Last weekend, Bayern Munich stretched their lead at the top of the Bundesliga after recording a convincing 3-0 result over nearest challengers Borussia Dortmund on their own patch. After the full-time whistle, coach Pep Guardiola paid tribute to one particular component of his exceptional team – the midfield.
A simplified version of events, of course, but one that his old nemesis Jose Mourinho would have had no objections to; the Portuguese’s teams in the past have been built on structured, hard-working midfields getting the basics right.
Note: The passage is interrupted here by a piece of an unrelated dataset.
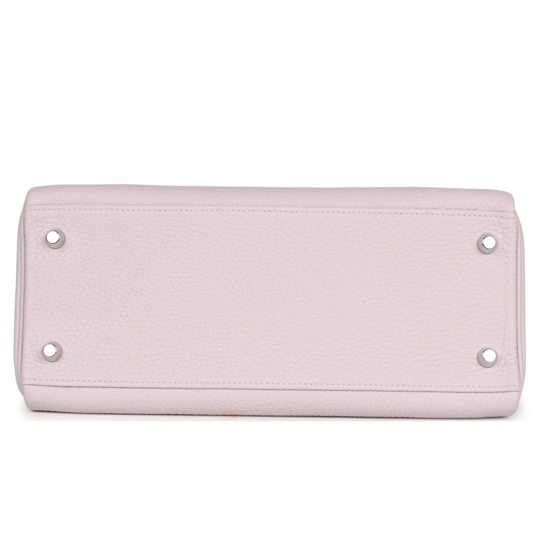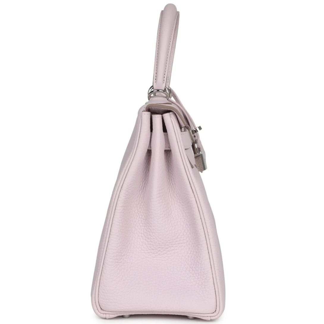 This Kelly in the Retourne style is a luxurious and versatile bag, crafted from Mauve Pale clemence leather with refined palladium hardware, showcasing both elegance and practicality.

And yet, Mourinho’s second coming at Chelsea has not replicated this template.
The Blues continued their shaky run of form with their second defeat to Basel in as many months, as Mohamed Salah’s late strike earned the Swiss side a priceless Champions League victory. The late autumn and early winter wobble is becoming something of a tradition in west London.
When onlookers take a step back, though, Chelsea don’t appear to be in a precarious position at all. On the contrary, the Blues are third in the Premier League – just four points behind leaders Arsenal – and have qualified for the knockout stages of the Champions League, despite the loss in Switzerland.
But worrying cracks have appeared and expanded – particularly in the all-important midfield area. Against Basel, Mourinho opted for a trio of what can be considered holding midfielders, with Frank Lampard, Ramires and John Obi Mikel – who was excellent against West Ham United last weekend – all picked to start. The idea was to win the midfield battle against Basel’s own three-pronged core.
But it backfired. Ramires, usually so energetic and eager, had a poor game by his standards while Frank Lampard, perhaps tired after his excursions at Upton Park, looked every one of his 35 years. As a result, Basel annihilated the Blues in the centre of park, with Mikel unable to cover for his under-par teammates.
Mourinho has been on the end of criticism for failing to rotate his squad, and to some extent that is warranted. Indeed, he made just one change from the starting line-up that beat West Ham for the Basel match. But as the Chelsea manager clearly felt he had to go with three men in midfield, his options are starkly limited – especially with Michael Essien having been overlooked for the Blues’ European squad.
All in all, Chelsea are looking extremely vulnerable in the middle of the park as they prepare to enter a stage of the campaign which even Mourinho says ‘only the brave can survive’. With everything decided in midfield, he’ll need to demonstrate every ounce of that bravery whilst rotating in December.